Data provided section start

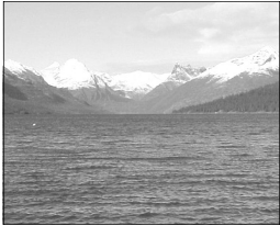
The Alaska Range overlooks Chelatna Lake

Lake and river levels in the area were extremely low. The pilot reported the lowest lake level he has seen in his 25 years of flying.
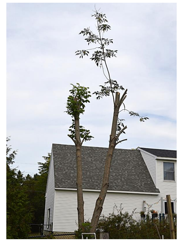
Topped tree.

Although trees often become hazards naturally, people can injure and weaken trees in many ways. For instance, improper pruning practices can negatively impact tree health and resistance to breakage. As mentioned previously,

Data provided section end
Data provided section start

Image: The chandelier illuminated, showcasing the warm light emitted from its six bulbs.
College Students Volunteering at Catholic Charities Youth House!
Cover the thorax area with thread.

Data provided section end

■ Exercise
With the pictures omitted, copy exactly the lines of the listing above starting at the line containing "The Alaska Range overlooks Chelatna Lake" and ending at the line containing "Although trees often", both included.

■ Response to the task
The Alaska Range overlooks Chelatna Lake

Lake and river levels in the area were extremely low. The pilot reported the lowest lake level he has seen in his 25 years of flying.
Topped tree.

Although trees often become hazards naturally, people can injure and weaken trees in many ways. For instance, improper pruning practices can negatively impact tree health and resistance to breakage. As mentioned previously,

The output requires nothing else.